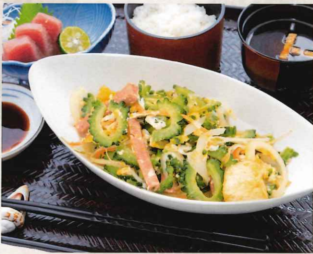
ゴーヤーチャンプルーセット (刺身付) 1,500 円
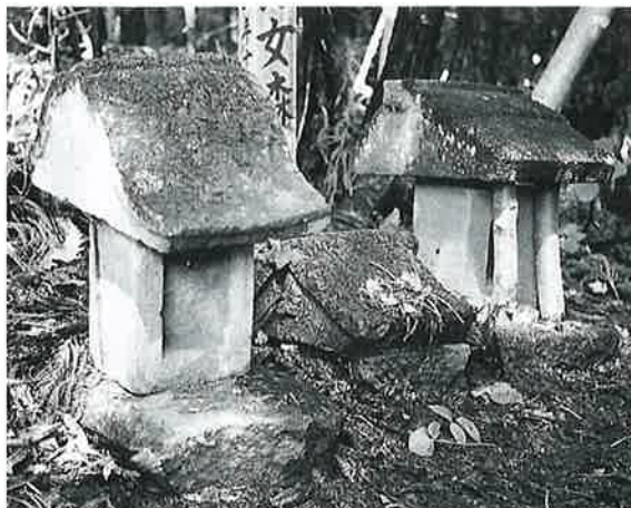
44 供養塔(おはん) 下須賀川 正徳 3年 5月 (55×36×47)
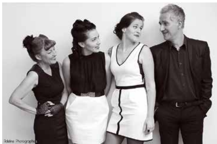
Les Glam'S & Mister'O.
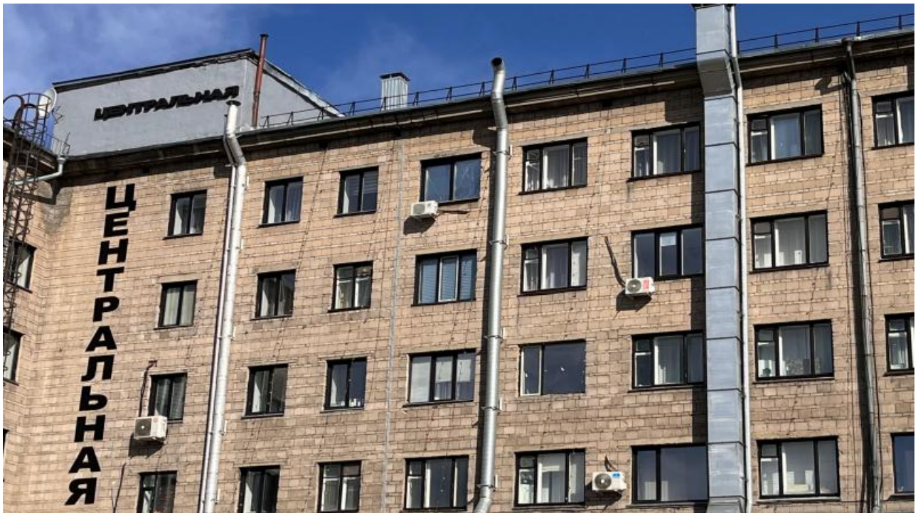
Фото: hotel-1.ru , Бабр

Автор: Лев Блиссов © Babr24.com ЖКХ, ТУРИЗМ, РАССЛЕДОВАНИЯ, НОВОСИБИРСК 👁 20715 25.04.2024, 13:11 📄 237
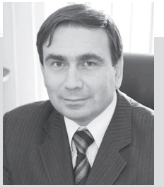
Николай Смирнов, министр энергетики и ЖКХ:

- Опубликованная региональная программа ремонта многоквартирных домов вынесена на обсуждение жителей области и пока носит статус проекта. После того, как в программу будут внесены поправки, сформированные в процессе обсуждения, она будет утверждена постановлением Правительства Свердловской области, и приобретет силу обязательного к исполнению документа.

================================

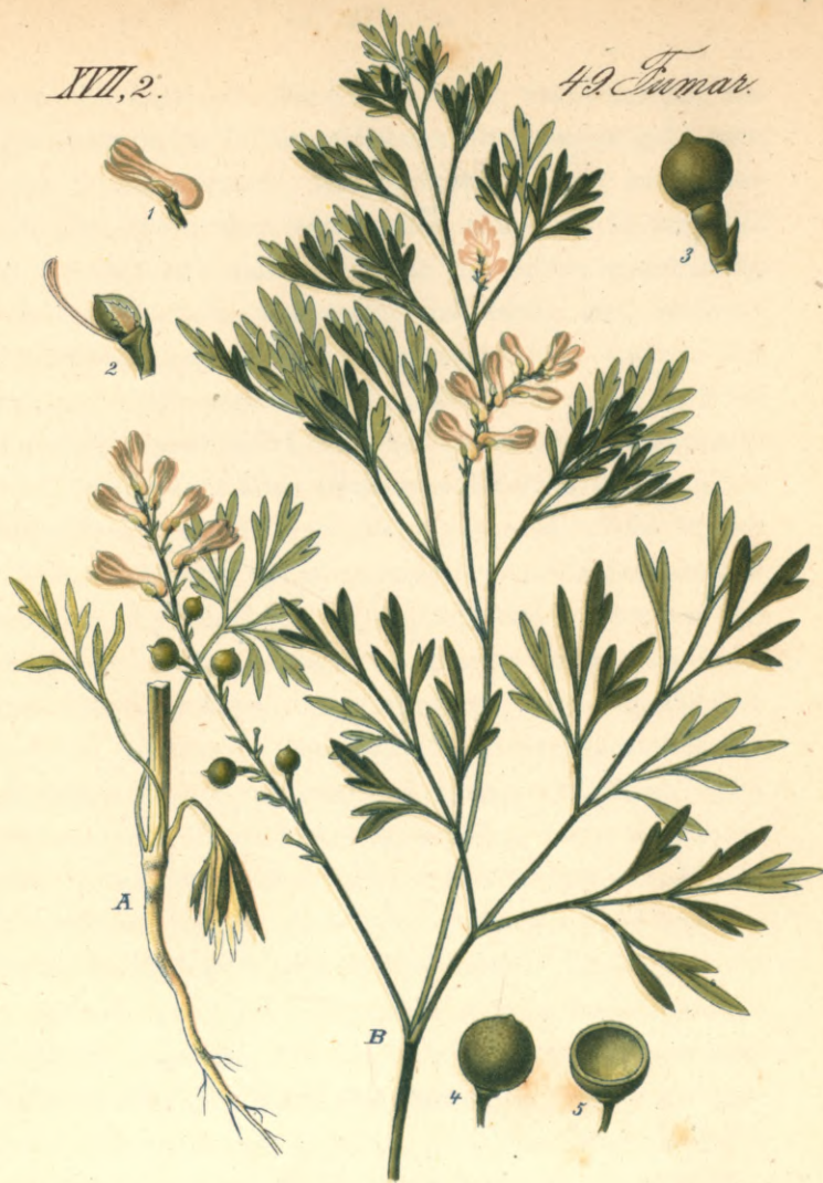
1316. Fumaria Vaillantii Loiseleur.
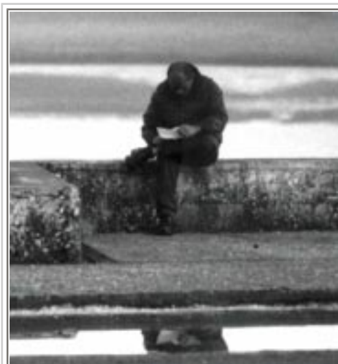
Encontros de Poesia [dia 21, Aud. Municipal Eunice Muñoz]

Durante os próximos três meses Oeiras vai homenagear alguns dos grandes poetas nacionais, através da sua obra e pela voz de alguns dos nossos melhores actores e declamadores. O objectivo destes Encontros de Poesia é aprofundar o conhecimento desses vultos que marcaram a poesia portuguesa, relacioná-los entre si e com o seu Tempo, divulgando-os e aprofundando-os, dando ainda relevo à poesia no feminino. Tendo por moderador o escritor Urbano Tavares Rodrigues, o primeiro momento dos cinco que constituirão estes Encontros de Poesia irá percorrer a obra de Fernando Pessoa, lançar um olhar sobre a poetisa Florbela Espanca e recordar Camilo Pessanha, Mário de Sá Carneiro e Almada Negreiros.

================================

- Exercise
From the records above, extract the lines from the one holding "ゴーヤーチャンプルーセット (刺身付) 1,500 円" through the one holding "Николай Смирнов, министр", word for word; omit the pictures.

- Expected answer
ゴーヤーチャンプルーセット (刺身付) 1,500 円
44 供養塔(おはん) 下須賀川 正徳 3年 5月 (55×36×47)
Les Glam'S & Mister'O.
Фото: hotel-1.ru , Бабр

Автор: Лев Блиссов © Babr24.com ЖКХ, ТУРИЗМ, РАССЛЕДОВАНИЯ, НОВОСИБИРСК 👁 20715 25.04.2024, 13:11 📄 237
Николай Смирнов, министр энергетики и ЖКХ:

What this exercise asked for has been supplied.